=== ASSIGNMENT ===
From the line containing "河南省部分高中2025-20" to the end of the data, retype every line exactly and nothing else. Drop the pictures.

=== EXCERPTED DATA ===
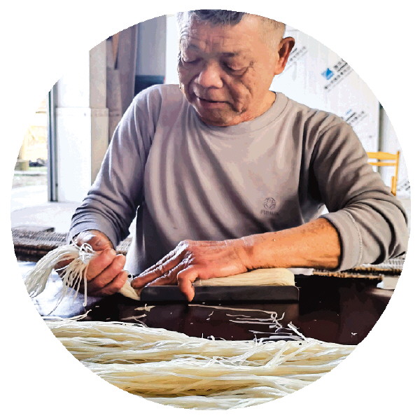 制作莲花粉的过程不算复杂,打米浆、摇米浆、蒸米浆、晒米浆,再将晒好的米浆过油等一系列处理后,用机器切成条状,再用模具将莲花粉扎成一扎,放到竹架上自然风干即可。今年已经71岁的刘年春,从1981年开始制作莲花粉,40多年的老手艺,让他对莲花粉的制作有着独到的见解。“摇的时候必须掌握好米浆的均匀程度,蒸的时候要有耐心,时间和火候的控制也很重要,5分钟能出3张皮就可以了。”刘年春滔滔不绝地介绍着制作要点,和莲花粉几乎打了一辈子交道的他,不仅靠着这门手艺将莲花粉做出了口碑,也靠着做莲花粉盖起了新房子。
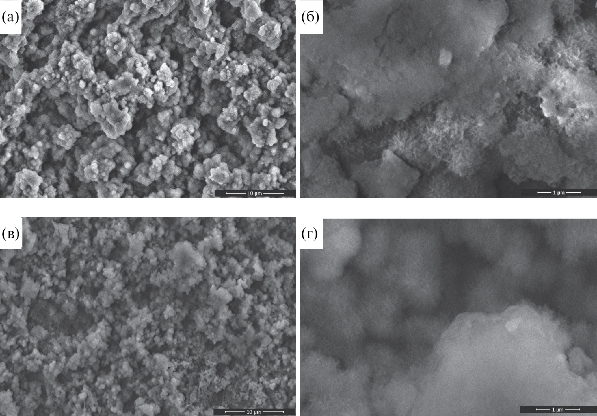 Рис. 4. СЭМ-изображение поверхности текстурированного алюминия, модифицированного поли-(ГБМА-со-ГМА), после 192 ч контакта с агрессивными средами: pH 2 (ax8000; б – x60000) и pH 11 (в – x8000; г – x60000).
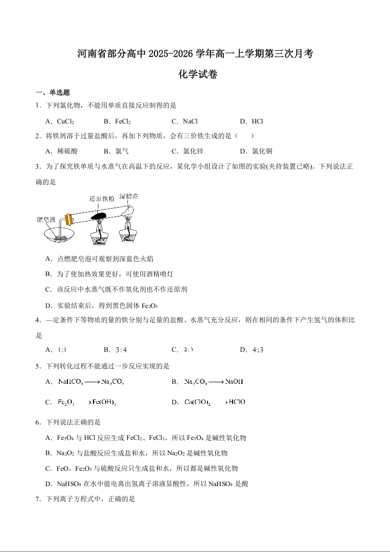 河南省部分高中2025-2026学年高一上学期第三次月考 化学试题(含答案).docx
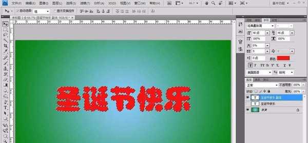 3、接下来就是创建文字图层,然后输入圣诞节快乐,当然文字内容也是随意的,然后设置颜色为红色。
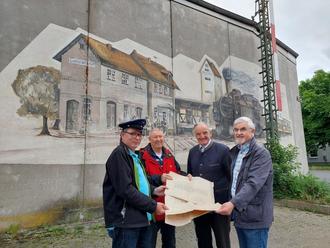Die Zeitzeugen Karl Hohlfeld mit Dienstmütze seines Vaters, Herbert Nolte, Werner Grobecker und Ortsheimatpfleger Alois Grobecker haben am ehemaligen Standort des Bahnhofes zum 50. Jahrestag der Einstellung des Personenbahnverkehrs (25. Mai 1974) persönliche Erinnerungen ausgetauscht.

=== OUTPUT FOR THIS TASK ===
 河南省部分高中2025-2026学年高一上学期第三次月考 化学试题(含答案).docx
 3、接下来就是创建文字图层,然后输入圣诞节快乐,当然文字内容也是随意的,然后设置颜色为红色。
Die Zeitzeugen Karl Hohlfeld mit Dienstmütze seines Vaters, Herbert Nolte, Werner Grobecker und Ortsheimatpfleger Alois Grobecker haben am ehemaligen Standort des Bahnhofes zum 50. Jahrestag der Einstellung des Personenbahnverkehrs (25. Mai 1974) persönliche Erinnerungen ausgetauscht.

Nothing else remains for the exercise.